Some reshape operators are affine, should they be in this SRFI?
Bradley Lucier 04 May 2020 03:59 UTC
I haven't put reshape operators into the SRFI because, in general, they
are not affine, so they don't compose with the other existing array
transformations.
But there is one important class of reshape operators that *are* affine,
where one maps the elements of a d-dimensional array lexicographically
to a one-dimensional array with the same volume. (The inverse
transform, for example, is not affine.)
In all my years of working with this library I've never had a need for
these, and I didn't even think of their existence until tonight. (I
don't know why, the basic mapping of indices to the linearly accessed
body of a specialized array is of this form, but there it is.)
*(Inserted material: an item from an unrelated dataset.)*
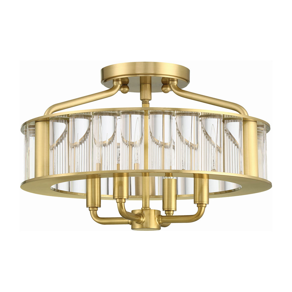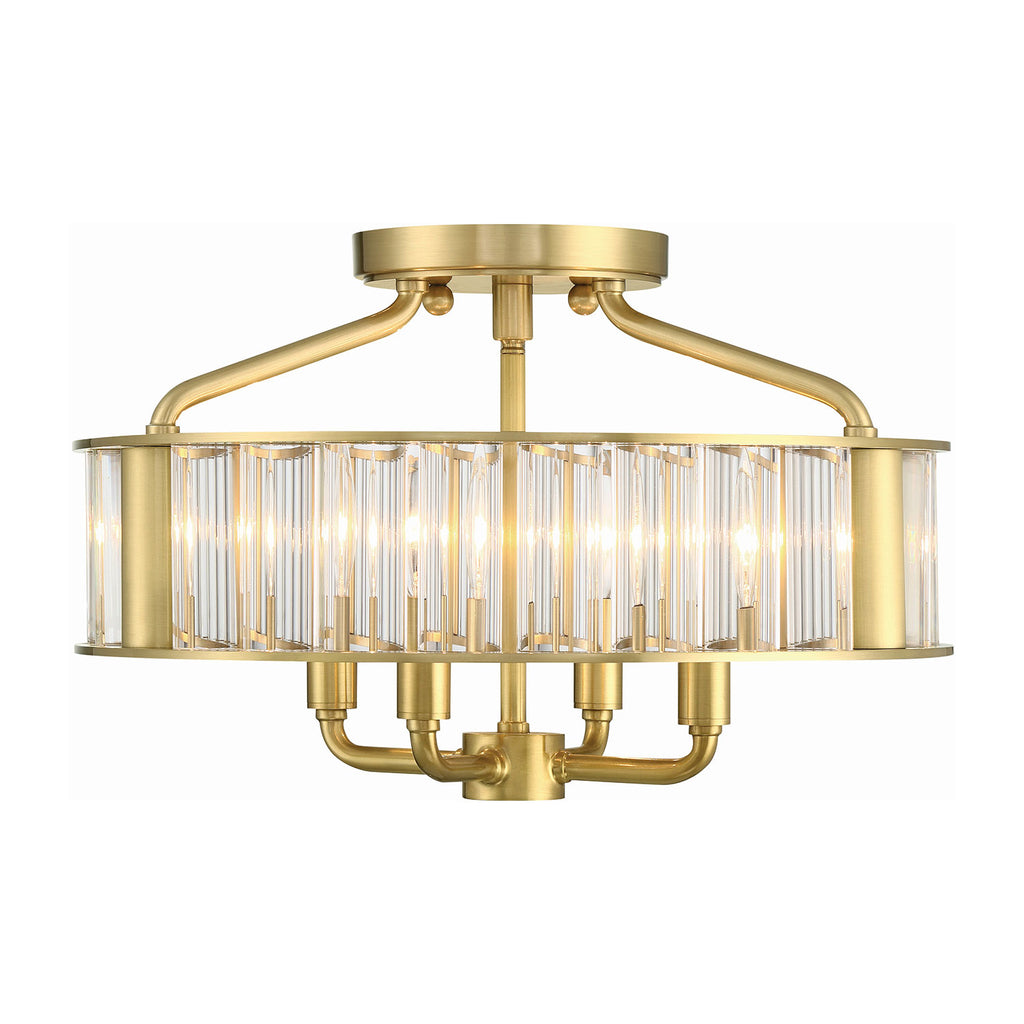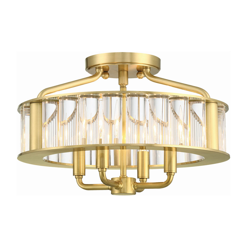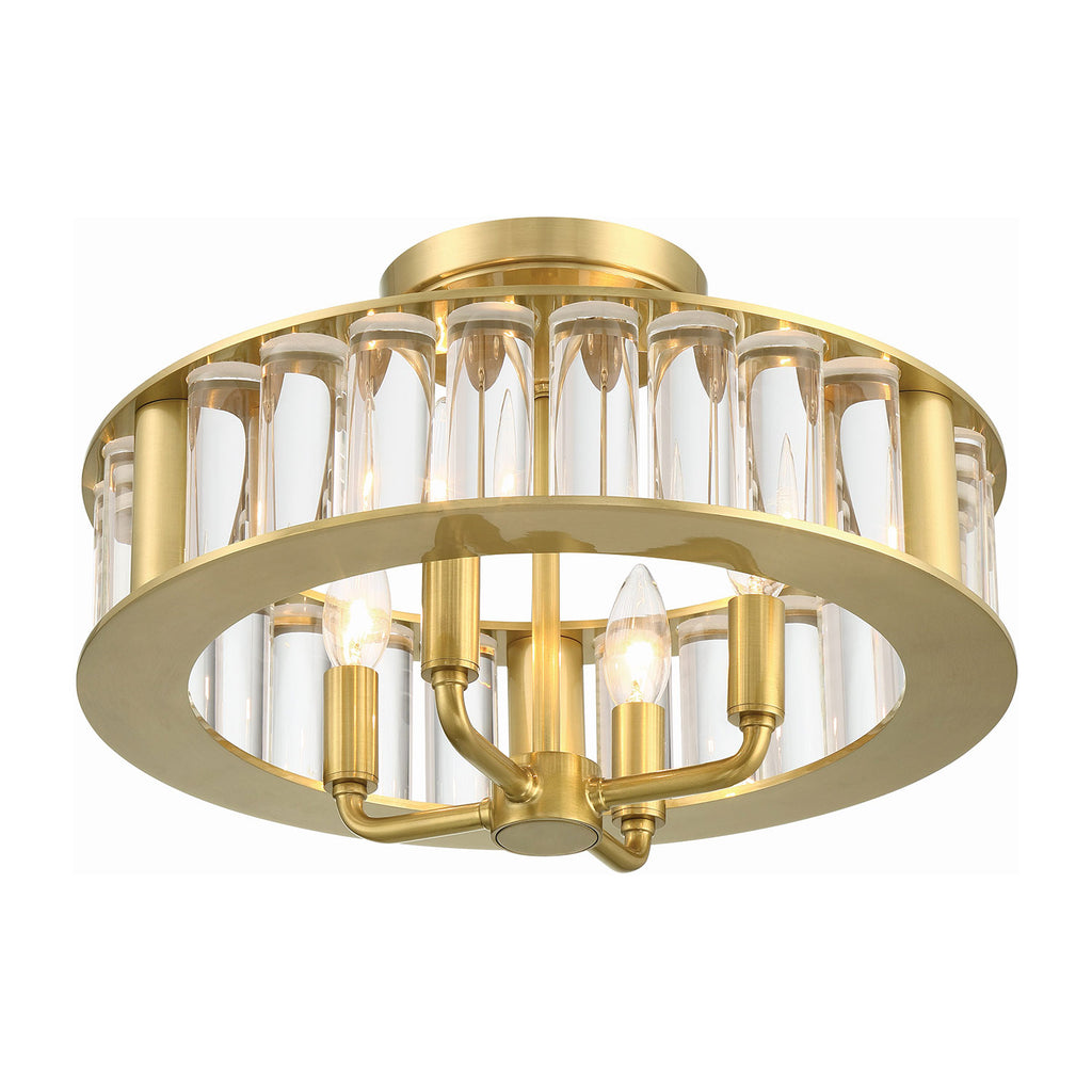 Crystorama is known for its standout lighting, which is exceptional in quality and design. From traditional all-crystal designs to transitional lighting collections, Crystorama offers styles that will match any décor and are always in fashion. The Libby Langdon Farris Semi-flush light comprises solid thick glass rods and a sleek metal frame in a Vibrant Gold brushed finish. The open frame at the top and the bottom of the fixture is airy and light, while the generous diameter of the glass rods gives a substantial and luxurious feel. The center rod that holds the four candelabra light sections drops below the lower round frame just enough to add another dimension and visual interest. The soft slope of the top rods that connect to the upper canopy adds ease and elegance to the overall profile of the Farris semi-flush fixture. The Farris collection is a new contemporary take on a classic crystal chandelier. Farris collection features a versatile transitional design. A marriage of traditional and contemporary equate a classic and timeless design that focuses on simplicity and sophistication. The crystals from the Farris collection, feature a modern and updated way to accentuate any room. Aged Brass metal finish is treated to look aged and have a rich hue. This shade adds a luxurious touch to any room and is perfect for modern and contemporary settings.

Reshape operators cannot in general be computed from the other array
transformations, except by specifying the appropriate transformation
directly in specialized-array-share. That's one argument for putting
them in the SRFI.
On the other hand, they are a bit clumsy to implement for
non-specialized arrays, but I suppose it's not too bad. It would
basically be building an affine transformation over the indexing of a
general array, if I'm making any sense. I already discussed that
possibility in the SRFI and rejected it in favor, e.g., of permuting the
arguments of an array-getter directly for array permutations. But for
reshape operators I don't see any simpler way, off hand, than just
computing and saving the indexer function from the new multi-dimensional
array to the existing one-dimensional array.
Any thoughts? If this is an important array transform, I wouldn't want
to leave it out, but adding it would delay this SRFI a bit more.